A specialty-focused company “should command a premium to Dow’s current multiple, and potentially a premium to other specialty chemicals companies given its attractive EBITDA growth prospects”, Loeb wrote.

Loeb said the specialty-focused company could achieve EBITDA of $4bn-5bn over the next 3-5 years, compared with a 2013 base of about $2.8bn.

Loeb suspects that Dow is holding back from such a spin-off because it is concerned about maintaining the integration of its upstream and downstream assets.

However, most of the integration in Dow’s assets exists within its petrochemical business, Loeb said. Any integration between specialties and petrochemicals is limited to commoditised raw materials.

Such integration does not significantly increase margins − unless the petrochemical assets are subsidising specialty chemicals, he said.

In considering the overall performance of Dow, Loeb noted that the company has generated a return of 46% during the past decade − compared with a 199% return for the Standards & Poors (S&P) 500 Chemicals Index and a 101% return for the overall S&P 500.

“These results reflect a poor operational track record across multiple business segments; a history of under-delivering relative to management’s guidance and expectations; and the ill-timed acquisition of Rohm and Haas,” Loeb wrote.

Dow completed its acquistion of specialty chemicals producer Rohm and Haas in 2009. It did not release a total price for the deal, but one estimate put it at $15.4bn

Loeb did not disclose the size of his stake.
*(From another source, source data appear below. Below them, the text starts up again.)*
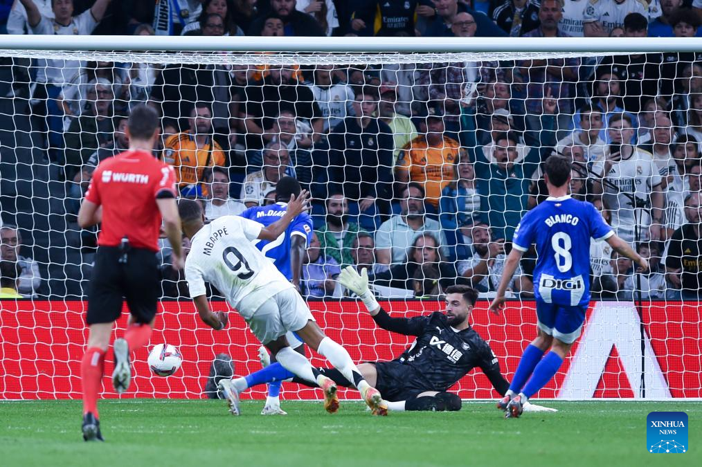 MADRID, 25 septiembre, 2024 (Xinhua) -- Imagen del 24 de septiembre de 2024 de Kylian Mbappé (2-i), de Real Madrid, realizando una anotación durante un partido de fútbol de La Liga entre Real Madrid y Alavés, en Madrid, España. (Xinhua/Gustavo Valiente)
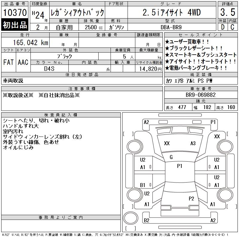 SUBARU OUTBACK 2.5I EYESIGHT 4WD - лот 10370
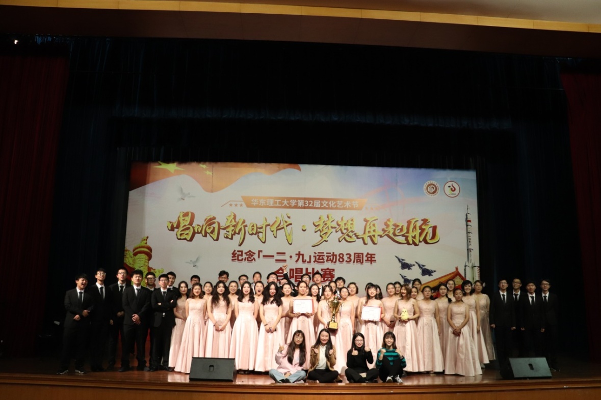 12月5日晚,华东理工大学在奉贤校区大活八百举办了“唱响新时代,梦想再起航”——纪念“一二·九”运动83周年合唱比赛。社会学院凭借出色的表现获当晚合唱比赛冠军及最佳人气奖双料冠军。
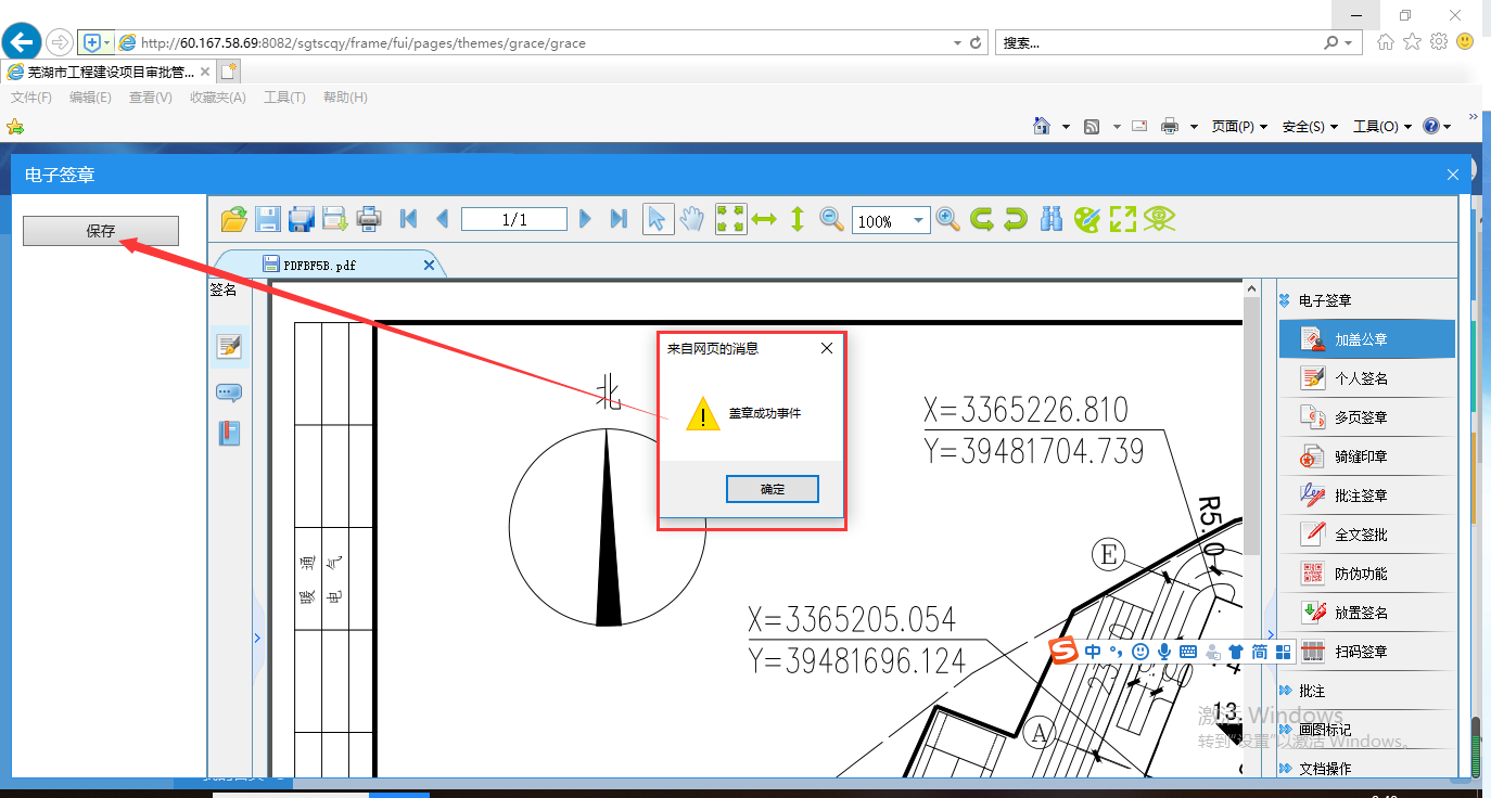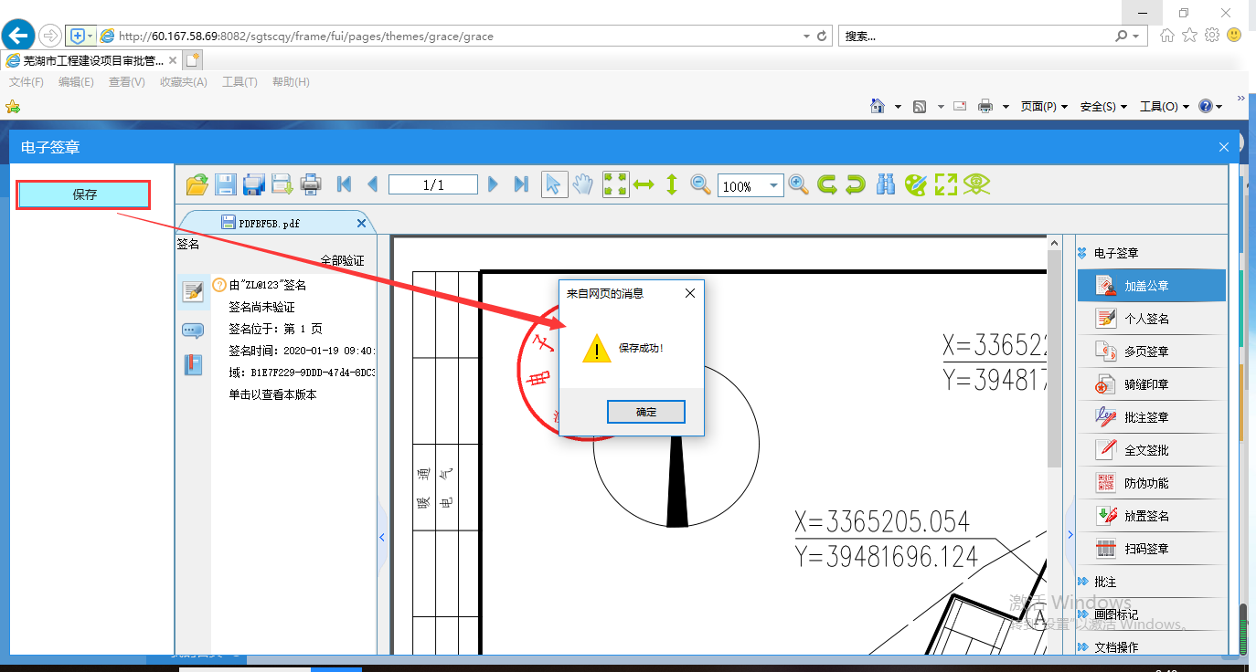 5、左击鼠标会出现签章成功提示,点击确认后对签章进行“保存”即可

However, a research note from UBS said it is $1.3bn.

Regarding Loeb’s comments, Dow said, “We believe our investments have yielded sustainable value for our shareholders and will continue to in the near and long term. We constantly review our company at the management and board level to increase our shareholder value and competitiveness. We intend to continue an open dialogue to further enhance value for all of our shareholders.”

The company added, “We engage with all of our owners to understand their views, and we welcome all constructive input with a common goal of enhancing long-term value.”

The company’s stock traded at $45.23 late morning, up 5.02%. In comparison, the Dow Jones US Chemicals Index was up 0.44% and the S&P 500 was down 0.15%.